Mitunter sagt Starmer auch Dinge, die ihn mehr angreif- als nahbar machen: So geschehen, als er erklärte, er hänge am Freitagabend die Arbeit an den Nagel und sei dann nur noch für die Familie da, ganz egal, was los sei.
Fatboy Slim, Amal Clooney, Anti-McDonald's
"Einen Antipopulisten" nennt ihn sein Biograf Tom Baldwin, "Mr. Boring" ist er für andere. So oder so ist Starmer kein typischer Politiker oder Anwalt. Er wuchs in einfachen Verhältnissen in einem Reihenhaus am Stadtrand von London auf und lernte in der Schule zusammen mit Norman Cook, dem späteren DJ Fatboy Slim, Geige. Er spielte in einer Band namens Ugly Rumours und studierte später Jura – wobei er, für England ungewöhnlich, nur ein Jahr auf der Eliteuni Oxford war.
Als Menschenrechtsanwalt verteidigte er später Gewerkschaften, legte sich mit McDonald's an und setzte sich für zum Tode Verurteilte in der Karibik ein. Mit Amal Clooney ist er seit ihrer gemeinsamen Zeit in einer Kanzlei befreundet.
Ab 2003 waren Kollegen und Freunde überrascht, dass Starmer sich Richtung Establishment zu bewegen begann. Die damalige Labour-Regierung ernannte ihn zum Generalstaatsanwalt für England und Wales.
Feind oder Handlanger Corbyns?
Bis 2013 sorgte Starmer für die Strafverfolgung von Abgeordneten, die ihre Spesen missbrauchten, oder Journalisten, die Telefone abhörten. Königin Elizabeth II. schlug ihn zum Ritter, den Titel "Sir" verwendet er jedoch kaum.
2015 folgte das erste politische Amt, als er in einem linken Wahlkreis im Norden Londons ins Parlament gewählt wurde. Schon ein Jahr später beteiligte er sich an der erfolglosen Rebellion gegen den linken Parteivorsitzenden Jeremy Corbyn, den er dann 2020 von der Spitze ablöste. Starmers Kampf gegen den Antisemitismus in der Partei führte schließlich zu Corbyns Ausschluss.
Der linke Flügel verzieh ihm das nie, die Konservativen dagegen stellen Starmer weiter als Handlanger Corbyns dar.
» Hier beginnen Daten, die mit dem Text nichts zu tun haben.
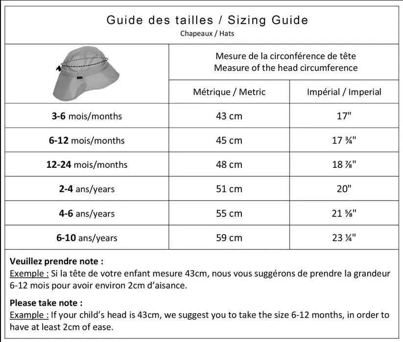 - Cordon d’ajustement au tour de tête pour que le chapeau grandisse avec votre enfant.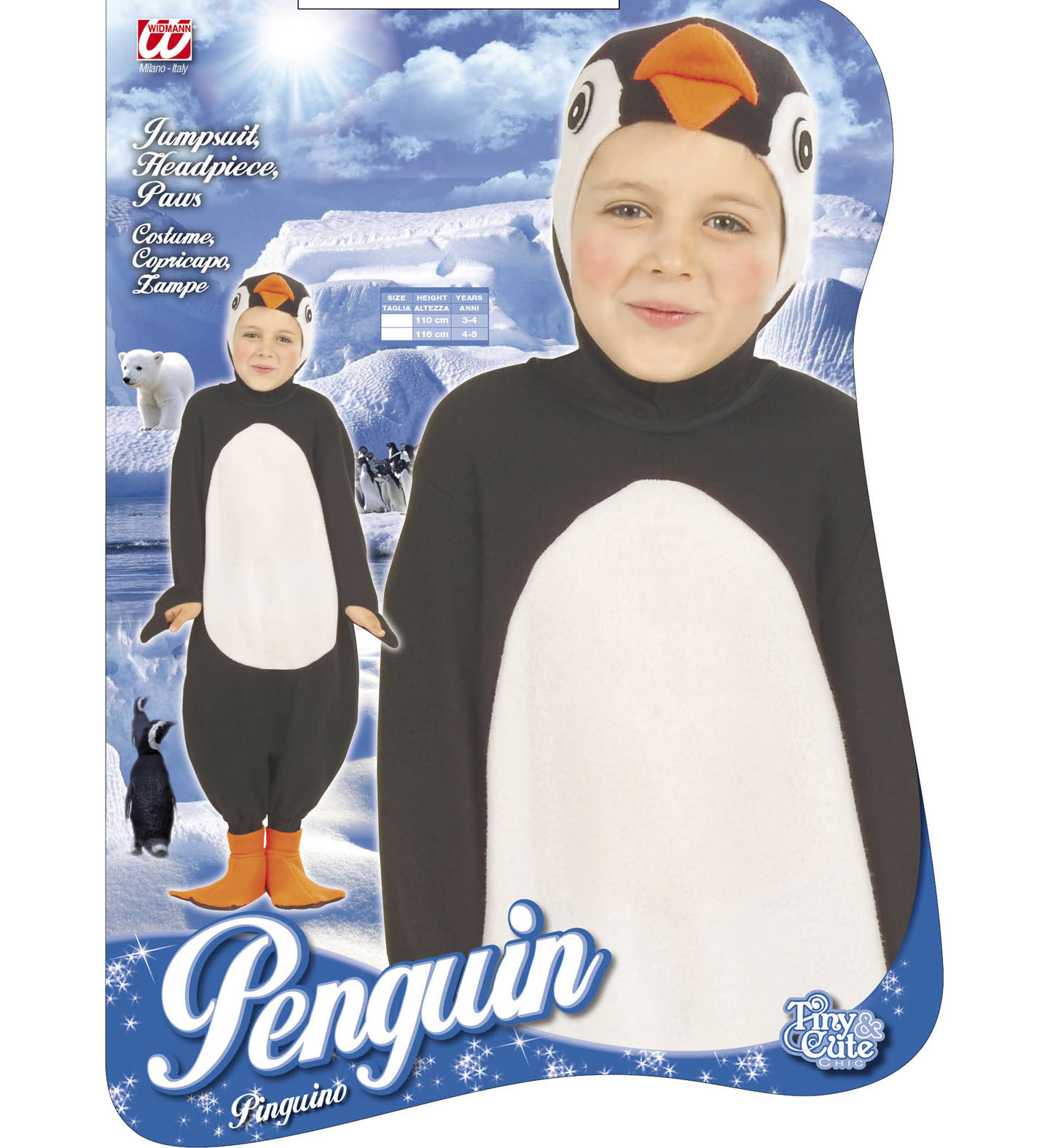 Pingvin - gyermek jelmez szett, részei: fekete-fehér egyrészes kezeslábas, pingvin fejmaszk (kapucni), cipőre húzható uszonyok. Tetőtől talpig pingvinné változhatsz ezzel a jelmezzel - farsangi bál előtt már csak a szárazföldi uszonnyal járást kell megtanulni.

Auch deshalb betont der Labour-Chef bei jeder Gelegenheit, dass er die Partei grundlegend reformiert und mit seinem Vorgänger gebrochen habe.
Labour-Erfolg: An Starmer liegt es nicht
Beobachter sind sich einig: Für den sich abzeichnenden Erfolg der Sozialdemokraten ist der Labour-Chef nur bedingt verantwortlich. Viele Wählende wüssten kaum etwas über ihn und die Ziele seiner Sozialdemokraten. Er habe einen "Plan des common sense", wiederholt Starmer gern. Wie dieser aussieht, wurde im Wahlkampf allerdings weder besonders klar noch greifbar.
Wo Starmer für seine Kritiker als farbloser Opportunist gilt, loben ihn seine Anhänger als pragmatischen Manager. Er werde seine Arbeit als Premier so unermüdlich und gründlich angehen wie seine juristische Laufbahn. "Man kriegt bei ihm den Politiker in den Juristen, aber nicht den Juristen aus dem Politiker", heißt es gern.
Schon am Samstag im Amt
Sicher ist, dass große Herausforderungen auf den 61-Jährigen warten. Als neuer Premier soll er die Wirtschaft ankurbeln, die Lebenshaltungskosten senken, die nationalen Gesundheitsdienste auf Vordermann bringen und sich der Migrationspolitik widmen – alles Dinge, die seine fünf konservativen Vorgängerinnen und Vorgänger nicht meistern konnten.
Für Starmer wird es jetzt Schlag auf Schlag gehen. Wenn spätestens am 5. Juli die erwarteten Wahlergebnisse bekannt gegeben werden, ist er bereits am Samstag im Amt und muss regieren – beginnend mit einer Reise nach Washington zum Nato-Gipfel.